Despite the CWD cases, Mississippi lawmakers sidestepped any contentious wildlife and fishery measures presented during the opening weeks of the 2019 Legislative Session, which is to be expected during an election year.
Of 15 bills assigned to the House Wildlife, Fisheries and Parks Committee, only one survived committee deadline for action.
In the Senate Committee, only one of 17 survived.
Neither of the two surviving bills would have any major impact on hunting or fishing. However, among the bills that failed to garner any significant support were two that would have had major impact on future deer seasons. One was related to CWD and the other to property rights. Both created an uproar in Mississippi’s outdoor cyberspace.
H.B. 768 would have banned the practice of supplemental feeding, and thus prohibited “baiting” of deer. An interesting side note: technically, it remains illegal to hunt deer with the aid of bait in Mississippi; however, regulations involving supplemental feeding make it legal to do so.”
H.B. 1410 would have severely restricted hunting deer with dogs, creating in law a minimal acreage required to obtain a permit from the MDWFP to run dogs.

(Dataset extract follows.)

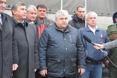 «Я хотел бы передать вам привет от главы ДНР Александра Захарченко, - отметил руководитель Штаба ЦК КПРФ по оказанию помощи жителям Юго-Востока Украины, депутат Госдумы Казбек Тайсаев. - Неделю назад мы встречались с ним в Донецке, чтобы скорректировать наши действия. Сегодня там необходима помощь по подготовке социальных объектов к зиме. С Северного Кавказа сегодня также пойдут машины с огромным количеством стройматериалов для проведения восстановительных работ, которые присоединятся к колонне из Подмосковья. Наверное, это самая приятная новость, что сегодня уже можно восстанавливать объекты, разрушенные войной. Всем огромное спасибо!».
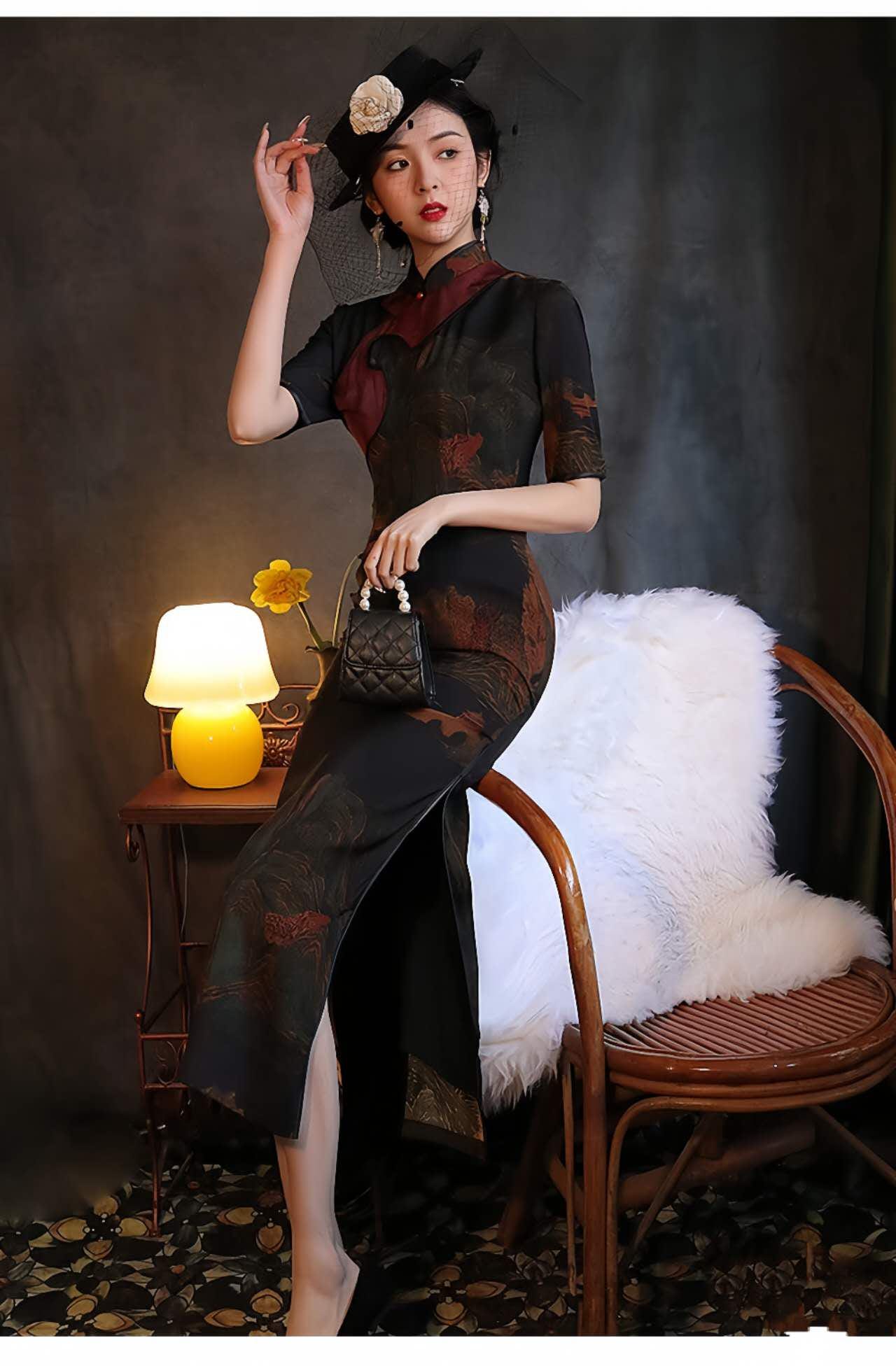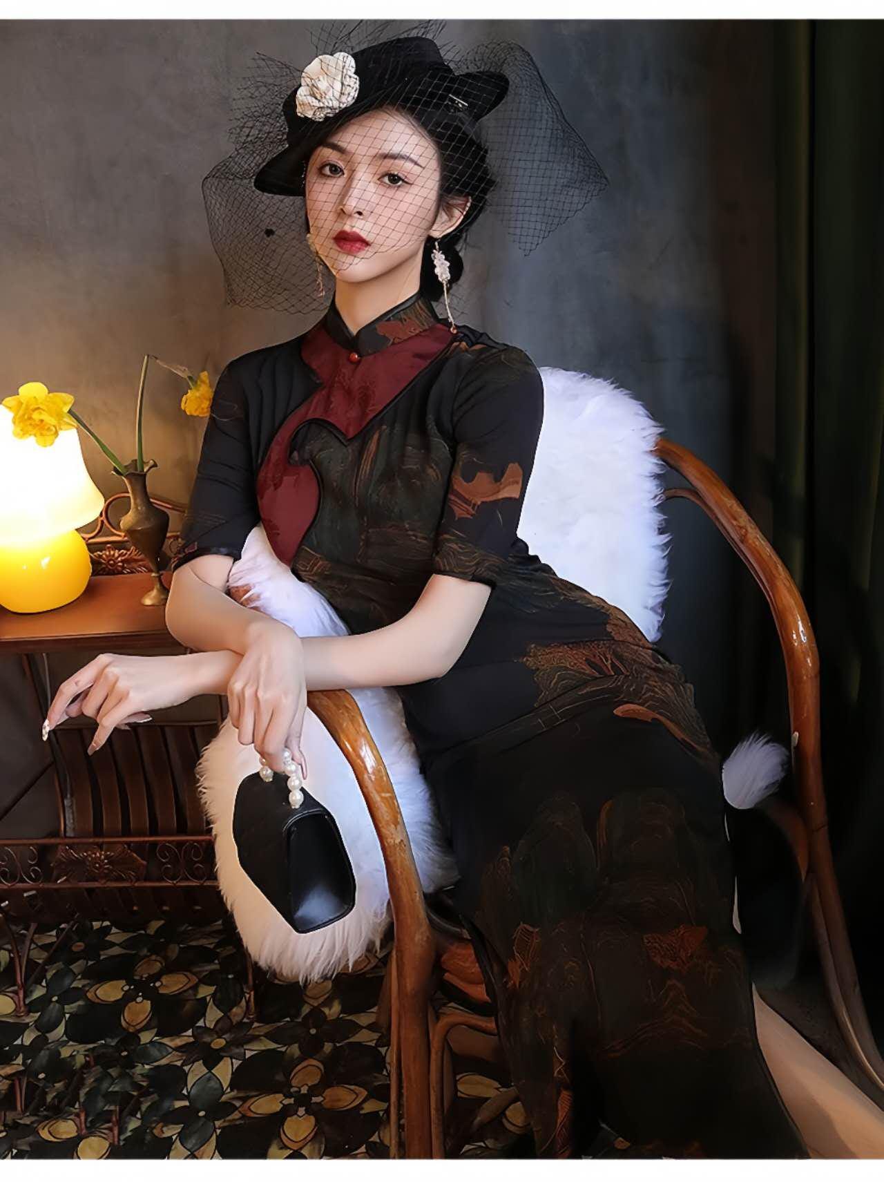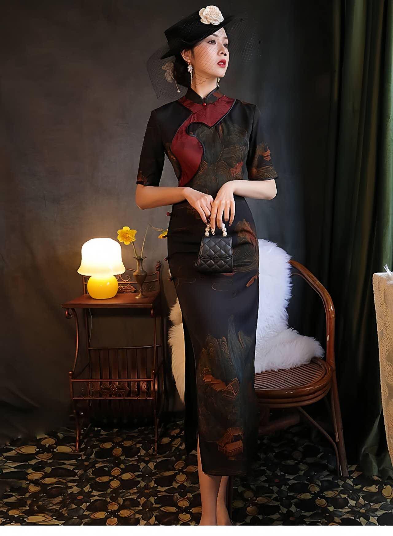 This vintage black qipao dress is a charming fusion of oriental elegance and artistic details. Crafted from lightweight and breathable floral luo fabric, it features a traditional Chinese landscape design reminiscent of a classic painting, along with elegant asymmetrical burgundy trim and Chinese knot buttons.

“There’s still a chance that we could see supplemental feeding curtailed,” said hunter Robert Hays of Brandon. “The MDWFP has authority to restrict it if it deems it imperative in response to CWD. They’ve already banned it in the two CWD management zones, and they’ve outlawed the use of deer-based scent products. They do not have authority to limit the use of dogs during deer season on public land. That would require the Legislature.”